Mastercard Scam Merchant Monitoring: What should mid-market merchants do before July 24?
Six actions, ordered by leverage rather than by urgency.
1. See what your acquirer sees. Track authorization approval rate, refund rate, chargeback rate, and combined refund + chargeback rate on a rolling 30-day window. If the team responsible for growth and customer experience does not have day-by-day visibility into these metrics, that is the first gap to close. The rule rewards merchants who notice metric shifts before their acquirer does.
2. Treat the six-month window deliberately. When opening a new acquiring relationship, entering a new market, or launching a new entity, plan for heightened scrutiny. That means tighter operational controls on refunds and disputes during the early window, clearer communication to customers about what they are buying and how to cancel, and proactive outreach to the acquirer about expected business patterns.
3. Audit the subscription mechanics. The 5% combined refund-and-chargeback threshold is most often breached by avoidable subscription friction: unclear renewal language, confusing billing descriptors, hard-to-find cancellation flows, slow support response on legitimate refund requests. Each of these is a margin leak independent of the Mastercard rule. The rule just makes the cost legible.
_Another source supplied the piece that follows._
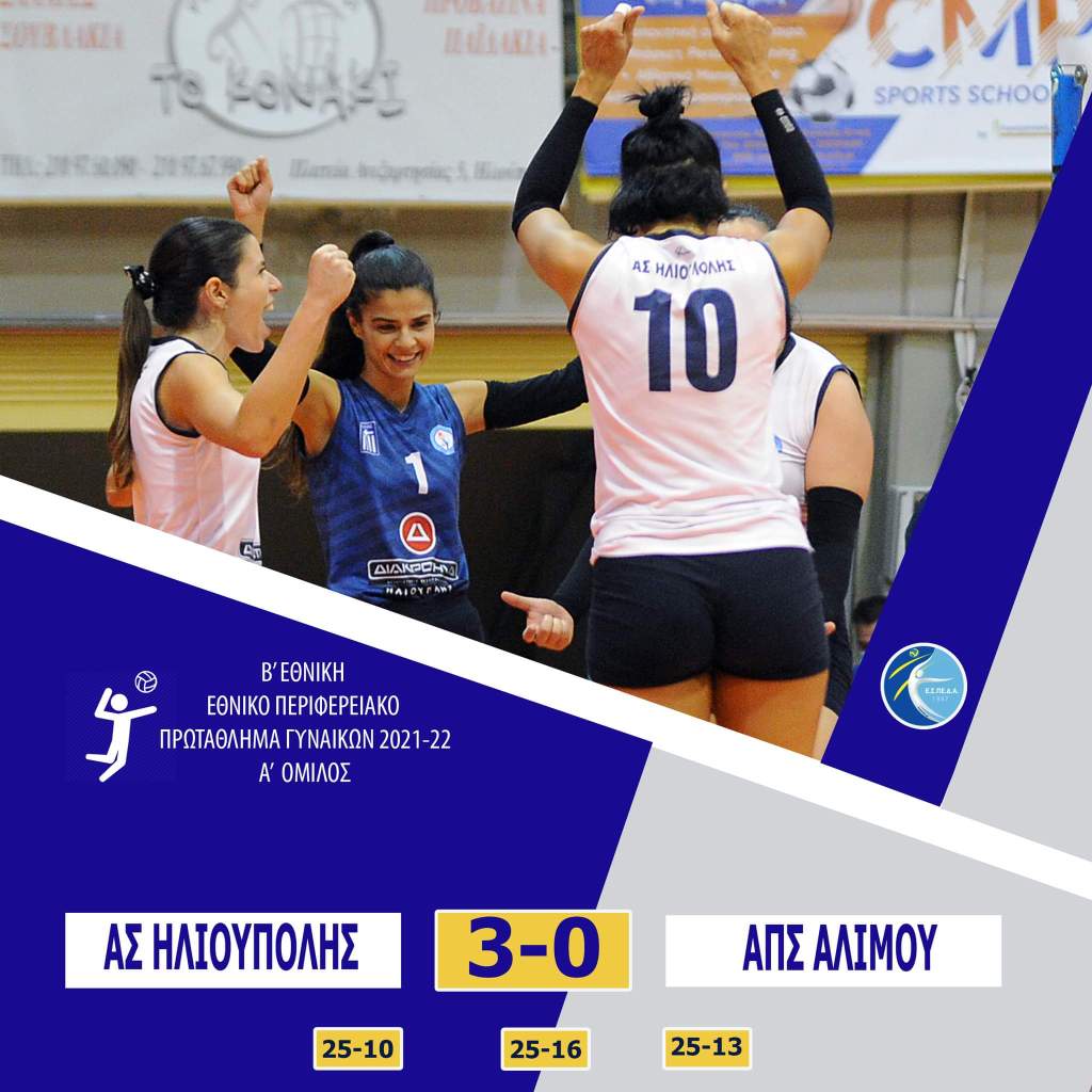 ☑️ΓΥΝΑΙΚΕΣΣτο πλαίσιο της 9ης αγωνιστικής της Α’ φάσης του Πρωταθλήματος Β’ Εθνικής Γυναικών, η ομάδα μας πήρε τη νίκη με 3-0 σετ επί του ΑΠΣ Αλίμου στο Α’ Κλειστό Ηλιούπολης 👏▶Τα σετ: (25-10, 25-16, 25-13)Α.Σ. ΗΛΙΟΥΠΟΛΗΣ (Βασίλης Ξεροβάσιλας): Σταυρούλα Λιαρομάτη (αρχηγός), Μαριάννα Λιαρούτσου, Μελίνα Σταματέλου, Μυρτώ Ξοφάκη, Ειρηάνα Μαυρογένη, Κασμηρία Δημητρίου, Χαρά Μπιτσάκου, Ζωή Τουρνάκη, Αγάπη Φούσκα, Δανάη Βήχου, Έλσα Γρίσπου, Ιωάννα Μανώλη (λ).

4. Get ahead of disputes with prevention alerts. Networks like Ethoca and Verifi notify merchants of disputes before they become formal chargebacks. Every prevented chargeback is one that does not count toward a trigger threshold and one less customer who decides to dispute again next time. The economics of prevention alerts almost always pencil out for businesses with meaningful chargeback volume.
5. Keep your legitimacy story documented and current. If an investigation lands, the merchant has 72 hours of acquirer attention to demonstrate the business is real. Maintaining current versions of fulfillment records, refund and cancellation policy history, marketing claims, customer communications, and dispute outcomes is the difference between a same-day clearance and a multi-day processing freeze.
6. Pre-brief the acquirer on growth moves. When you expect seasonal spikes, new product launches, or geographic expansion, tell the acquirer ahead of time. That creates a paper trail that contextualizes the subsequent metric shifts. It is a small habit with disproportionate downstream value.
Mastercard Scam Merchant Monitoring: Where commerce risk is heading
The Mastercard scam merchant monitoring rule change is specific. The pattern is bigger and worth naming.
Commerce risk decisions are moving earlier. The franchise standards are explicit that suspected scam activity now warrants action before chargebacks accumulate. Acquirers will absorb that posture, which means merchants will encounter more questions, more documentation requests, and tighter onboarding, even when nothing is wrong.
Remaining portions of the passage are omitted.